**WHAT IS REQUIRED:**
Output the entries below unchanged, except for the pictures.

**SUPPLIED INFORMATION:**
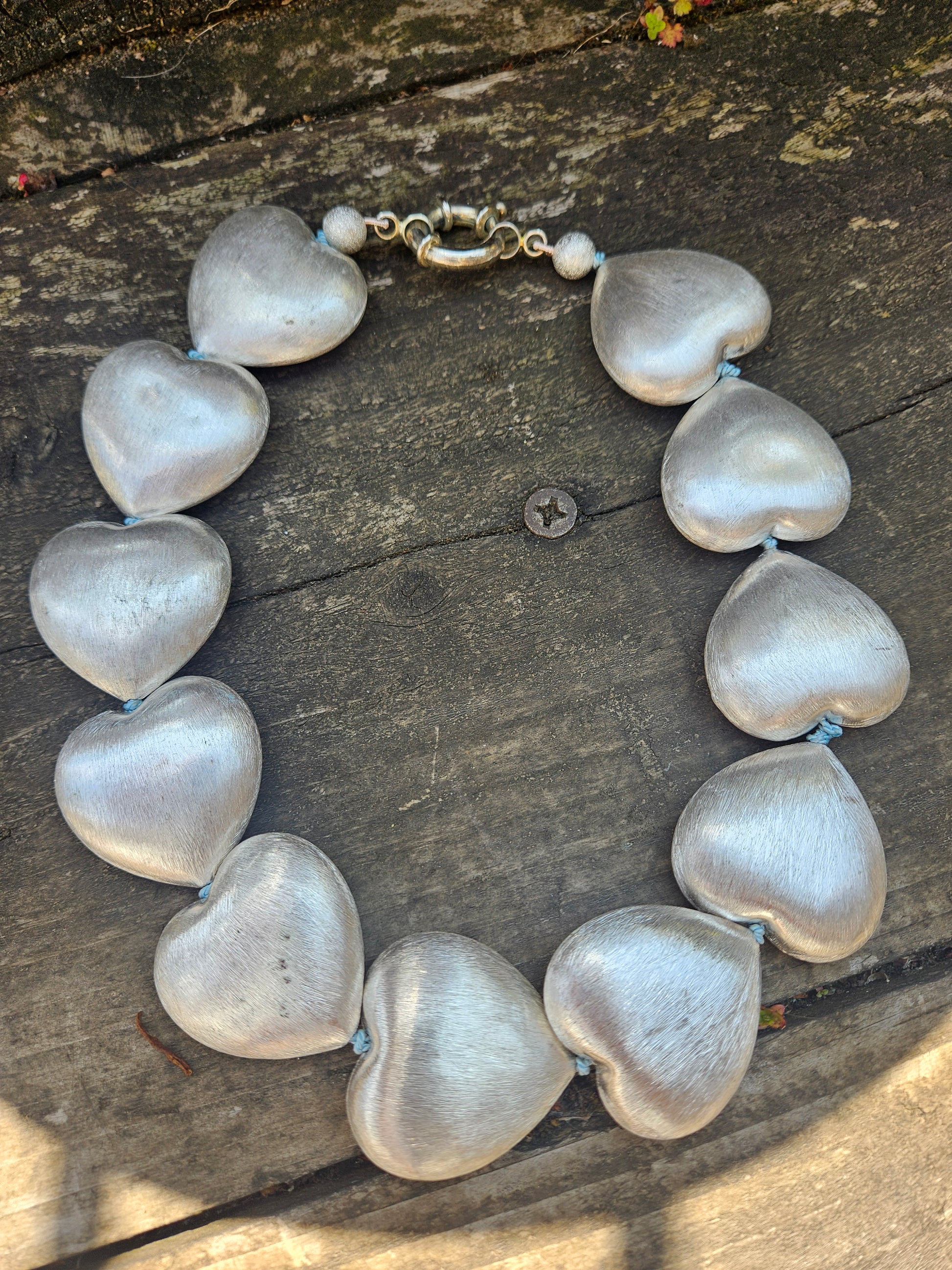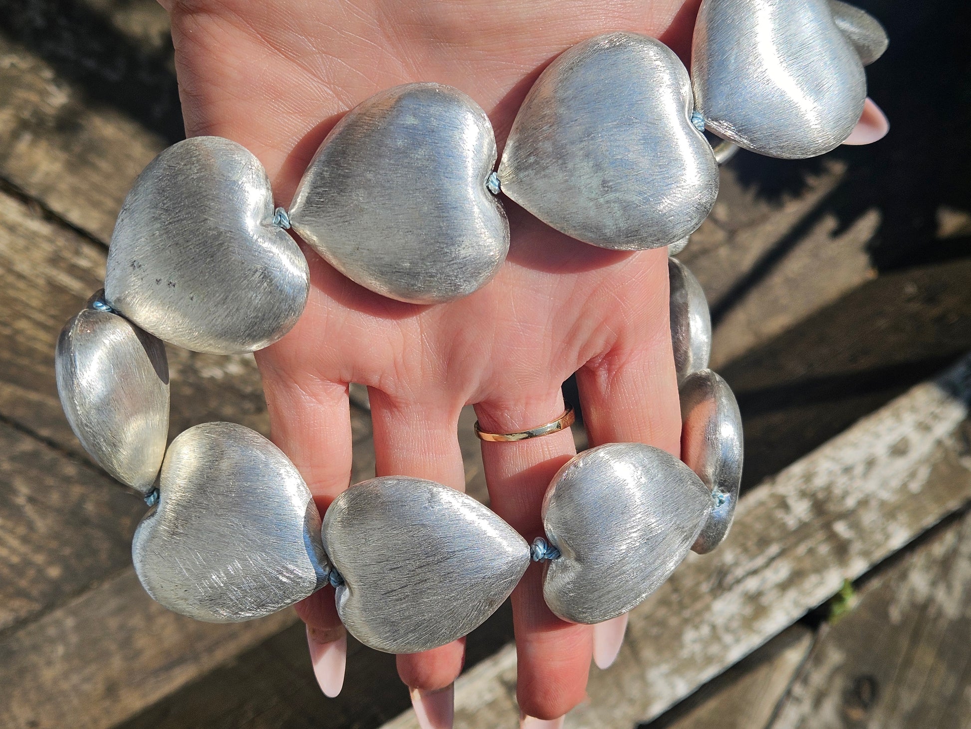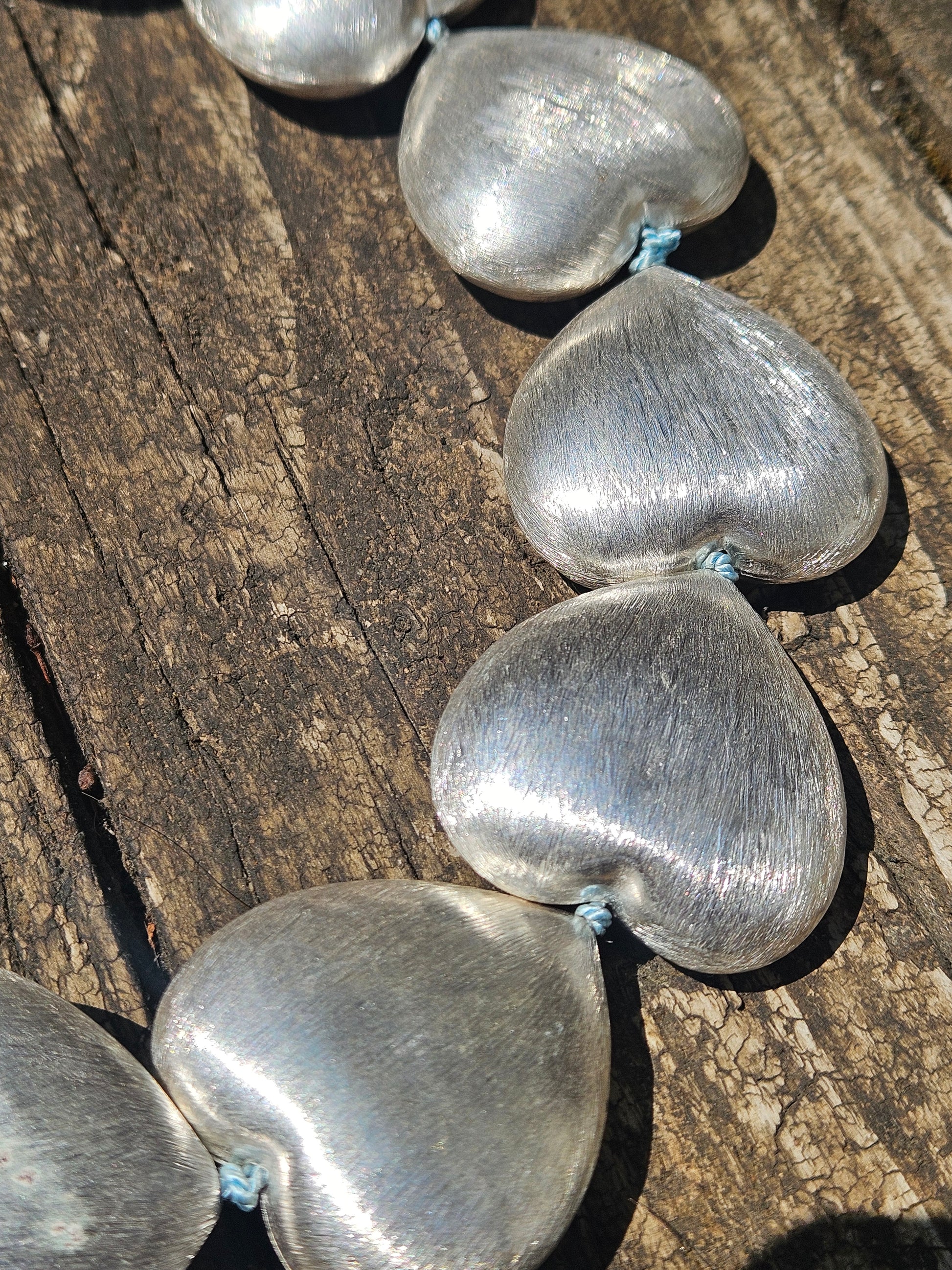 Hollow silver metal heart beads, knotted on silk and finished on a silver tone bolt clasp
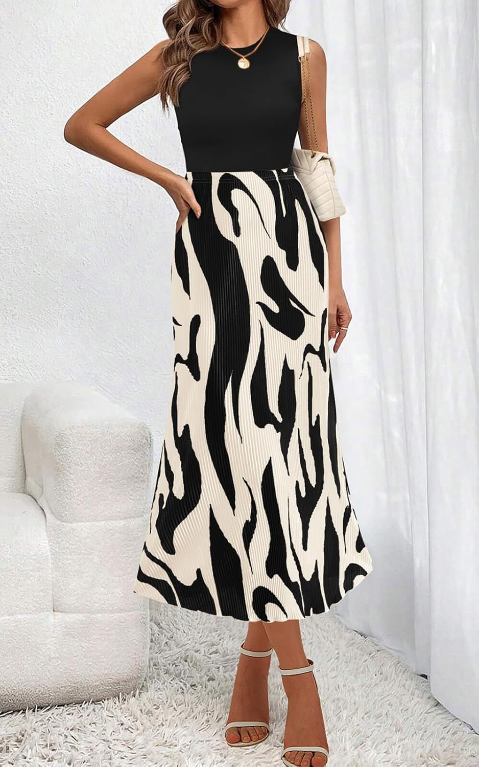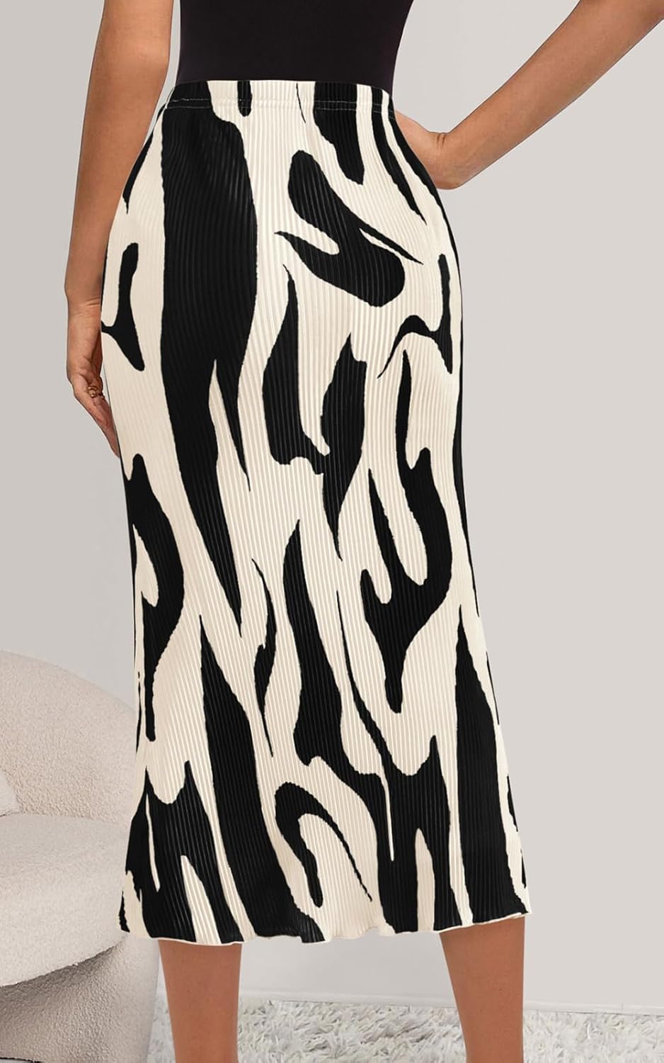 PRETTYGARDEN Zebra Print Womens Skirts Midi Length Plisse Skirt Women
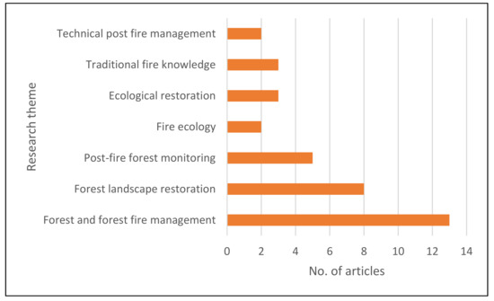 In terms of the literature sources, 12 articles were sourced from Web of Science, 10 from Google Scholar, 7 of the articles we sourced from Scopus, 5 from CAB direct, and 2 from specialized websites (IUCN and FS-USDA). Peer-reviewed journal articles formed most of the final articles. More than half (24) of the selected literature were review articles, 4 research articles, 5 book chapters, and 3 reports. The research themes and focus area of the selected studies (Figure 3) revolved around forest and forest fire management [11,17,61,79,80,81,82,83,84,85,86,87,88], fire ecology [89,90,91], forest and landscape restoration [25,49,53,59,92,93,94], post-fire forest monitoring [26,95,96,97,98], ecological restoration [99,100,101], technical post-fire management [102,103], and traditional fire knowledge [46,103,104].
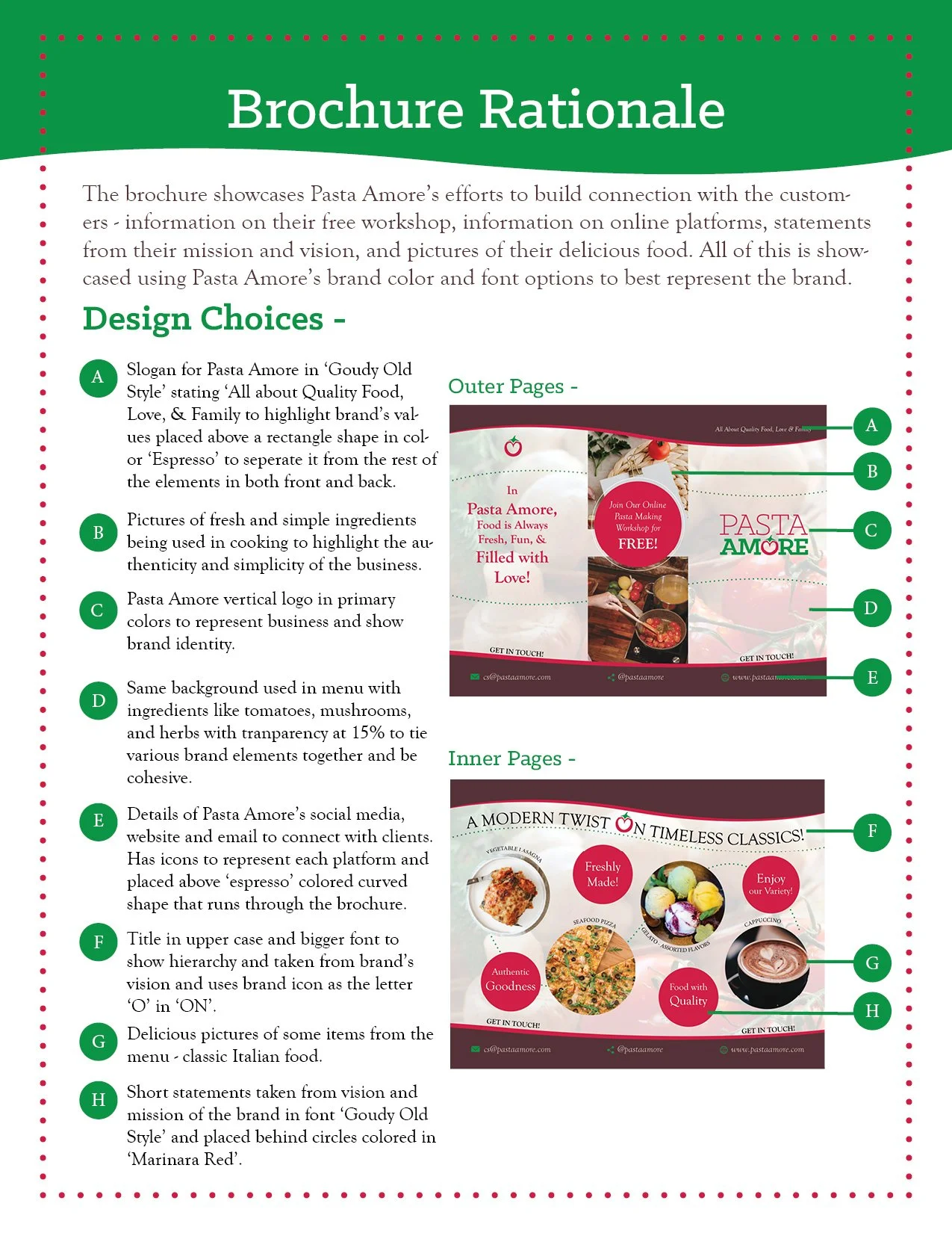 The brand collateral for Pasta Amore was designed using Adobe XD. There are mockups of the designed print elements that were created using Adobe Photoshop to bring the design to life in the final presentation as well. The menu, table tent, and brochure are created with attention paid to bleed sections. The project was created by following the rubrics and Pasta Amore’s brand guide – from the color palette and font to logo usage and arrangement. The three pieces are created with similar decorative elements to tie them to the brand and its identity. There is good contrast in all the pieces, the text is aligned accordingly, the choice of words matches the brand’s messaging, and the pieces and presentation use decorative elements like blocks of color and dotted lines to add interest and frame the items inside the pieces well. There is also appropriate use of images to suit what the business is about. Overall, the design conveys the brand’s values and identity successfully.
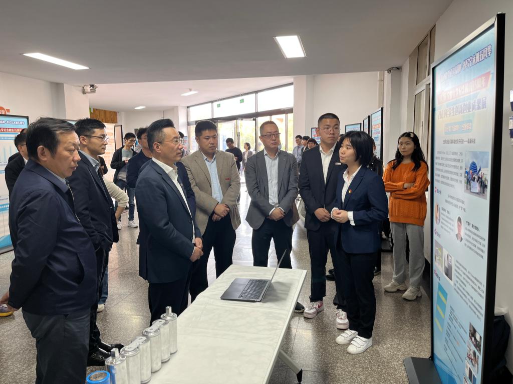 在展览上,朱达书记在医学院项目展板前驻足观看,并听取了团队成员吴佳奕同学关于团队建设、技术研发、地方合作、发展前景等相关情况的汇报。团队其他成员也分享了自己在创新创业过程中的收获与经验。
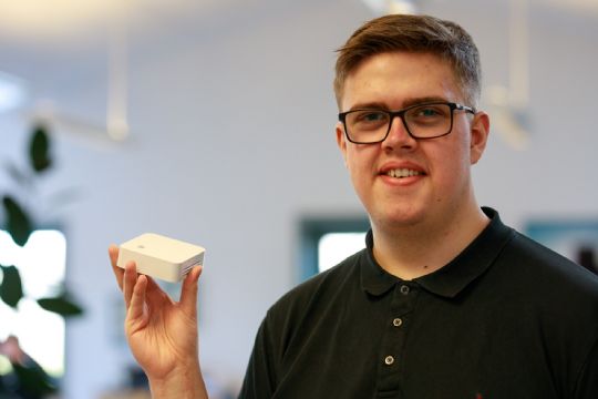 Jonathan Aaris Henningsen med den lille enhed, som styrer systemet.
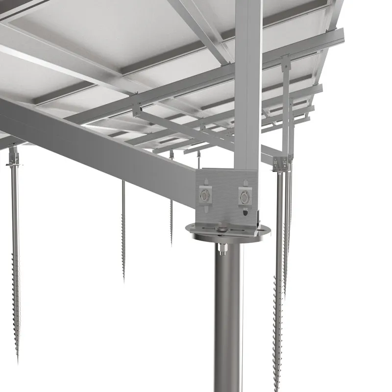 Solar ground mounting system is manufactured in zinc-mg-aluminum steel plates and can be used in a variety of conditions using concrete foundations and ground screws for different panel arrays. Using zinc magnesium aluminum steel structure, this solar mount type has significant advantages.
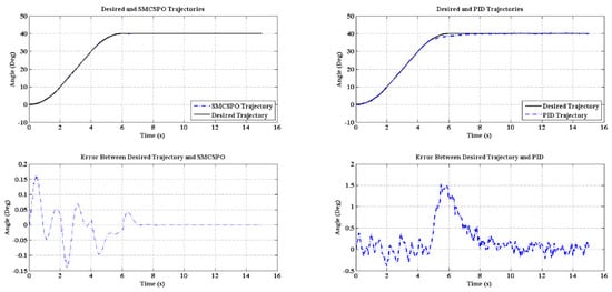 In our study, our system is non-linear, and therefore, a robust control scheme (i.e., SMCSPO) was pursued. Since PID/PD controllers are not robust, comparatively to SMCSPO, to nonlinearities. Therefore, their performance is not as good as that of the proposed SMCSPO. Figure 10 shows the comparison between PID and SMCSPO.
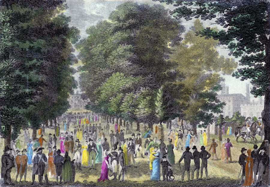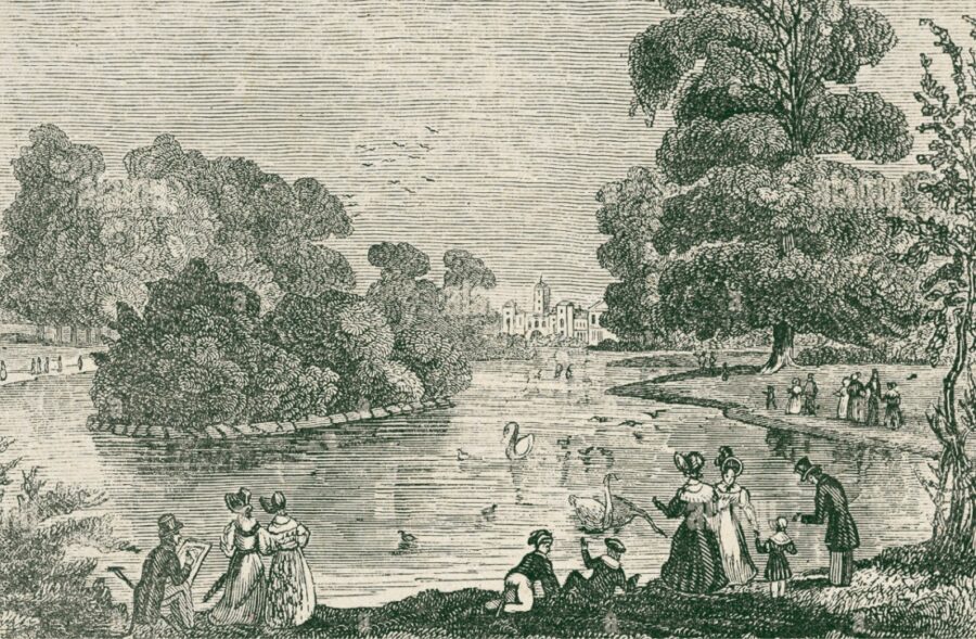 The park becomes home to camels, crocodiles, elephants, and exotic birds, housed within the Royal Menagerie and Aviary. Birdcage Walk is named after this era.
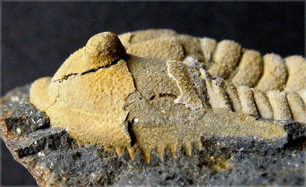 Prionocheilus mendax remarquablement conservé dans un nodule fossilifère du Llandeilo de Château-Gaillard en Bain de Bretagne / vue latérale (I & V) Champ de 25 mm env. Remarquer la rangée d'épines disposées en dents de scie sur la bordure latérale.

**EXPECTED ANSWER:**
 Hollow silver metal heart beads, knotted on silk and finished on a silver tone bolt clasp
 PRETTYGARDEN Zebra Print Womens Skirts Midi Length Plisse Skirt Women
 In terms of the literature sources, 12 articles were sourced from Web of Science, 10 from Google Scholar, 7 of the articles we sourced from Scopus, 5 from CAB direct, and 2 from specialized websites (IUCN and FS-USDA). Peer-reviewed journal articles formed most of the final articles. More than half (24) of the selected literature were review articles, 4 research articles, 5 book chapters, and 3 reports. The research themes and focus area of the selected studies (Figure 3) revolved around forest and forest fire management [11,17,61,79,80,81,82,83,84,85,86,87,88], fire ecology [89,90,91], forest and landscape restoration [25,49,53,59,92,93,94], post-fire forest monitoring [26,95,96,97,98], ecological restoration [99,100,101], technical post-fire management [102,103], and traditional fire knowledge [46,103,104].
 The brand collateral for Pasta Amore was designed using Adobe XD. There are mockups of the designed print elements that were created using Adobe Photoshop to bring the design to life in the final presentation as well. The menu, table tent, and brochure are created with attention paid to bleed sections. The project was created by following the rubrics and Pasta Amore’s brand guide – from the color palette and font to logo usage and arrangement. The three pieces are created with similar decorative elements to tie them to the brand and its identity. There is good contrast in all the pieces, the text is aligned accordingly, the choice of words matches the brand’s messaging, and the pieces and presentation use decorative elements like blocks of color and dotted lines to add interest and frame the items inside the pieces well. There is also appropriate use of images to suit what the business is about. Overall, the design conveys the brand’s values and identity successfully.
 在展览上,朱达书记在医学院项目展板前驻足观看,并听取了团队成员吴佳奕同学关于团队建设、技术研发、地方合作、发展前景等相关情况的汇报。团队其他成员也分享了自己在创新创业过程中的收获与经验。
 Jonathan Aaris Henningsen med den lille enhed, som styrer systemet.
 Solar ground mounting system is manufactured in zinc-mg-aluminum steel plates and can be used in a variety of conditions using concrete foundations and ground screws for different panel arrays. Using zinc magnesium aluminum steel structure, this solar mount type has significant advantages.
 In our study, our system is non-linear, and therefore, a robust control scheme (i.e., SMCSPO) was pursued. Since PID/PD controllers are not robust, comparatively to SMCSPO, to nonlinearities. Therefore, their performance is not as good as that of the proposed SMCSPO. Figure 10 shows the comparison between PID and SMCSPO.
 The park becomes home to camels, crocodiles, elephants, and exotic birds, housed within the Royal Menagerie and Aviary. Birdcage Walk is named after this era.
 Prionocheilus mendax remarquablement conservé dans un nodule fossilifère du Llandeilo de Château-Gaillard en Bain de Bretagne / vue latérale (I & V) Champ de 25 mm env. Remarquer la rangée d'épines disposées en dents de scie sur la bordure latérale.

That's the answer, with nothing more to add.